全国で都市化が進み、いわゆる「臭いものに蓋をする」という発想のもと、川を埋め立てるなど、まちの景色を変えた自治体も多くありました。

約20年前。当時、県内一汚染が酷いと言われた「御祓川」に対して、七尾市民は「川を再生する」という選択をします。町の中央を流れる御祓川を、まちが抱えている地域課題の象徴ととらえ、民間街づくり会社の設立で解決しようとする覚悟を示します。

「先代たちは、汚いものを見えないものにしてしまおうの時代から、汚いものに手をつけて 向き合って、関係を取り戻していこうとした。」
森山さんの言葉には、志を受け継ぐものの清々とした潔さがありました。

(株)御祓川の業務内容は、上記の図の通り3つの柱をもちます。

「まち育て」では、地域の資源を活かし守る事業を、「みせ育て」では、地域の経済循環を創り出す事業を、そしてひと育てで、地域の担い手を育て続ける事業に取り組んでおり、長期実践型インターンシップ事業は、「ひと育て」の中の一事業という位置づけです。

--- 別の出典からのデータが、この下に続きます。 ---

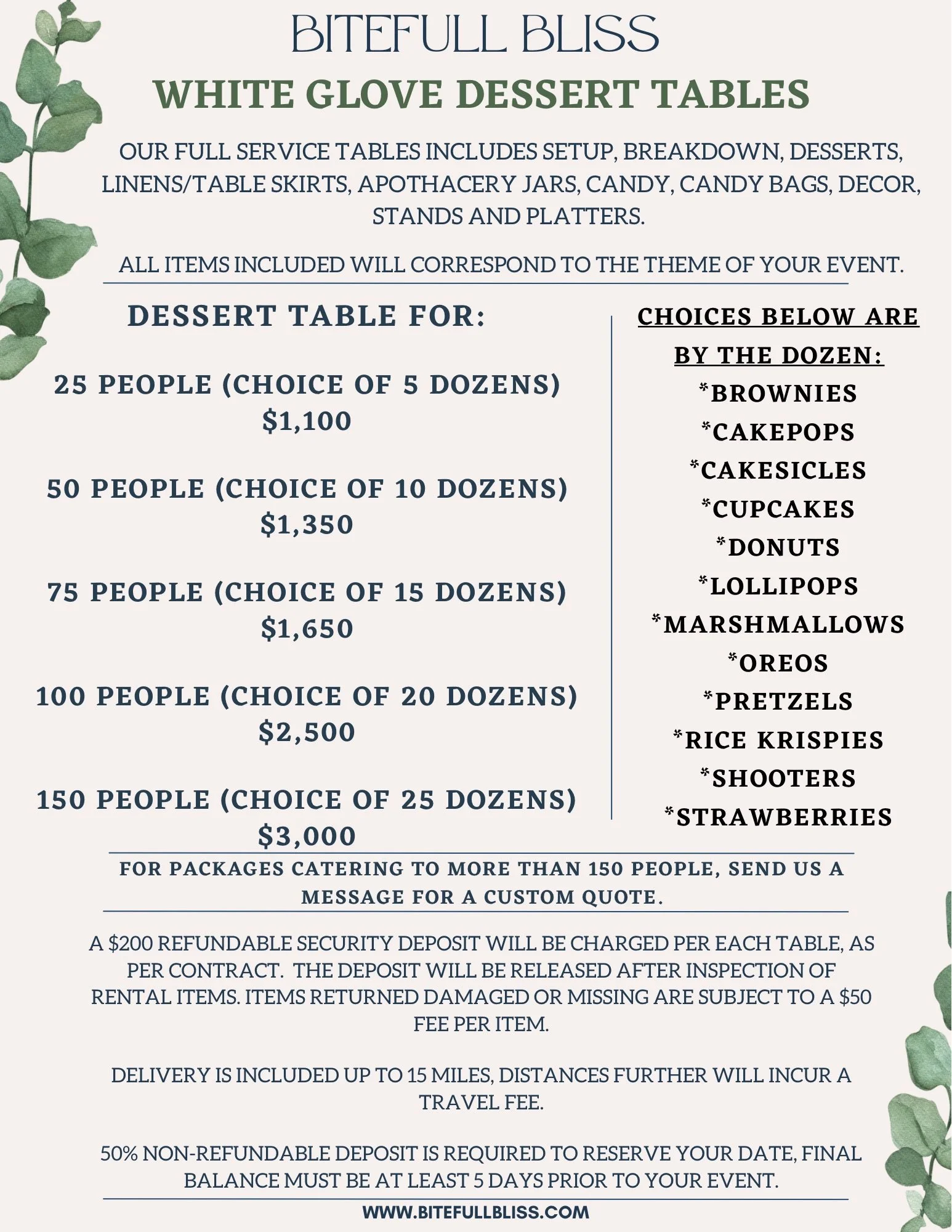 Our white glove dessert tables, on average, range between $1,100-$3,000 - depending on the size of your event!

インターンシップという言葉では、「なかなか伝わらないので、能登留学という名前にした」そうですが、企業インターンと、地域課題の解決に取り組む集落型インターンのどちらも受け入れ側の満足度は高く、森山さんご自身「あきらめかけた人が変わる瞬間」を幾度となく見て、そこがやりがいになっているといいます。